# Information given
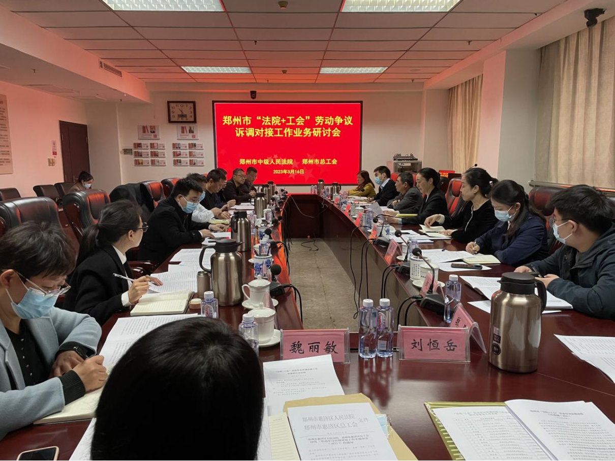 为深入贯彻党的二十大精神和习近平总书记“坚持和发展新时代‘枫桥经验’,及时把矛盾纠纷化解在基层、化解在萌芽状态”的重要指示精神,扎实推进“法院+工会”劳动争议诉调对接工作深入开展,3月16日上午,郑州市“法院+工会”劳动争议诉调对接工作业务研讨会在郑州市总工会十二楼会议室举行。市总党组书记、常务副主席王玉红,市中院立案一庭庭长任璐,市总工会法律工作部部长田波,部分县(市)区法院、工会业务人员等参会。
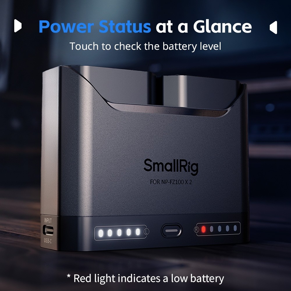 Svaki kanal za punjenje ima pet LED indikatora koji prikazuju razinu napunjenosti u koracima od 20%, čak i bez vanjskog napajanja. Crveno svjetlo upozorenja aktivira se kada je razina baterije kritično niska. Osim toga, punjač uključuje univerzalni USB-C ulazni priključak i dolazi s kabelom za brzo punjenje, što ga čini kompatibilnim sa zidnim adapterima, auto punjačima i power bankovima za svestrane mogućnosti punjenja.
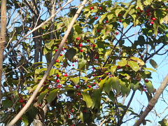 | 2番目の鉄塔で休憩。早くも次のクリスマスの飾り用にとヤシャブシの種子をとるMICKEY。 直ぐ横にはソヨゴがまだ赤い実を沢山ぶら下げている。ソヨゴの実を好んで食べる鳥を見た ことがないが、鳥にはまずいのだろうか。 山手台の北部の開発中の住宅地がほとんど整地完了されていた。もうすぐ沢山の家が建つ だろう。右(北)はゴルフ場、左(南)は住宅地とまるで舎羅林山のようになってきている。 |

* * *

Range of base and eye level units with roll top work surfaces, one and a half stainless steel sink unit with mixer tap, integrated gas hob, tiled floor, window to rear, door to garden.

==

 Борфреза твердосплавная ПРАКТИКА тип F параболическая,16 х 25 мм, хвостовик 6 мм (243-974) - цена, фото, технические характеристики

# Exercise goal
For the entries above, print exactly the lines between the one with "为深入贯彻党的二十大精神和习" and the one with "Svaki kanal za", inclusive, with no pictures.

# Exercise answer
 为深入贯彻党的二十大精神和习近平总书记“坚持和发展新时代‘枫桥经验’,及时把矛盾纠纷化解在基层、化解在萌芽状态”的重要指示精神,扎实推进“法院+工会”劳动争议诉调对接工作深入开展,3月16日上午,郑州市“法院+工会”劳动争议诉调对接工作业务研讨会在郑州市总工会十二楼会议室举行。市总党组书记、常务副主席王玉红,市中院立案一庭庭长任璐,市总工会法律工作部部长田波,部分县(市)区法院、工会业务人员等参会。
 Svaki kanal za punjenje ima pet LED indikatora koji prikazuju razinu napunjenosti u koracima od 20%, čak i bez vanjskog napajanja. Crveno svjetlo upozorenja aktivira se kada je razina baterije kritično niska. Osim toga, punjač uključuje univerzalni USB-C ulazni priključak i dolazi s kabelom za brzo punjenje, što ga čini kompatibilnim sa zidnim adapterima, auto punjačima i power bankovima za svestrane mogućnosti punjenja.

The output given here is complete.